Reviewed by Dave Truesdale
Hmm. I’m not sure I fully understood Marc Laidlaw‘s “Bonfires.” It begins with people lighting bonfires in the dark of night on an ocean beach. A man and woman set one pyre afire, then make love until boats of what are presumably dead people arrive, guided in by the light of the fires, and who are then taken away in trucks up by the road. We learn that those lighting the fires have also arrived by these boats and are also presumably dead, now having taken the job of shepherding the newcomers ashore. Are the dead (some appearing scared or confused) those having died at sea by various mishaps? Where do the trucks take them, and for what purpose? What’s going on here? Nothing is explained, and it left me scratching my head; a vignette, a snapshot without a hint of a storyline or clearly made point is all I could glean from it. Perhaps this is a macabre version of John Varley’s “Air Raid,” but with the passengers already dead? Hmm.

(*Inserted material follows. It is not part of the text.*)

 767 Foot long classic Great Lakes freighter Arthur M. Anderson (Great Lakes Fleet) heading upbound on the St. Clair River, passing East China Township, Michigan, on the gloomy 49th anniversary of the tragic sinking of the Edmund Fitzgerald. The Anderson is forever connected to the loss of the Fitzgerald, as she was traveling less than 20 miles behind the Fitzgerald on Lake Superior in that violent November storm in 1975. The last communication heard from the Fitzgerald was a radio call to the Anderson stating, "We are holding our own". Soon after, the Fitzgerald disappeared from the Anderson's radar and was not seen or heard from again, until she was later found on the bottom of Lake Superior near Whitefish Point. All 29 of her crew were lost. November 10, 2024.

“Gravitas” by Weston Ochse, on the other hand, enjoys a definite beginning, middle, and end. Set in the Black Hills of South Dakota, this contemporary story relies heavily on Native American folklore and how one blonde-haired man, Dave, from back east becomes attuned closely enough with the land and spirits that they (unbeknownst to him) carry out his evil thoughts via multiple murders over a span of years.
We first see Dave living a solitary existence in an RV on what will soon become the state’s land as part of Custer Park after his aunt passes away. He does nothing but guzzle case after case of expensive wine, smashing the bottles outside the RV in what is now his glittering garden of broken glass. Ochse then expertly drops in background on Dave, his relationships with his father, mother, the aunt and uncle who raised him, and his dead wife, for whom he mourns and is the primary reason for his drinking. We are given some history of the Native American land and its relationship to the Lakota Sioux, which are essential to an understanding of the story’s thematic resolution (which I shan’t spoil here). Enough to impart that it involves the local sheriff with whom Dave grew up, and who the author has curiously chosen to name Lamont Cranston of all people, the name being that of the legendary fictional detective known as the Shadow. While I wrote “curiously,” the author of course chose the name purposely, the meaning becoming clear toward the very close of the story, for what frees Dave from what he has become involves a trademark of the Shadow—for the Shadow’s victims never see (or in this case, hear) him coming. There is also another reason for naming the sheriff after the Shadow — and stick with me on this one because it actually fits: one of the Shadow’s trademark, iconic phrases is “What evil lurks in the hearts of men? The Shadow knows!“. There is evil in Dave’s heart, for through the strangely sycophantic Mica People he has committed numerous murders for which no killer has been brought to justice, until, through an inventive twist on said moral justice, sheriff Cranston evens the balance. Nice.
“Gravitas” is a story told by a seasoned, professional writer who knows what he’s doing. Able to interweave the personal, the psychological, the historical, and the supernatural with a confident hand, “Gravitas” makes its moral point effectively. One nice touch is the creation of the Mica People, which calls to mind creatures straight out of Lewis Carroll. Bottom line? An inventive take–with a twist–on an otherwise (relatively) standard storyline. Recommended.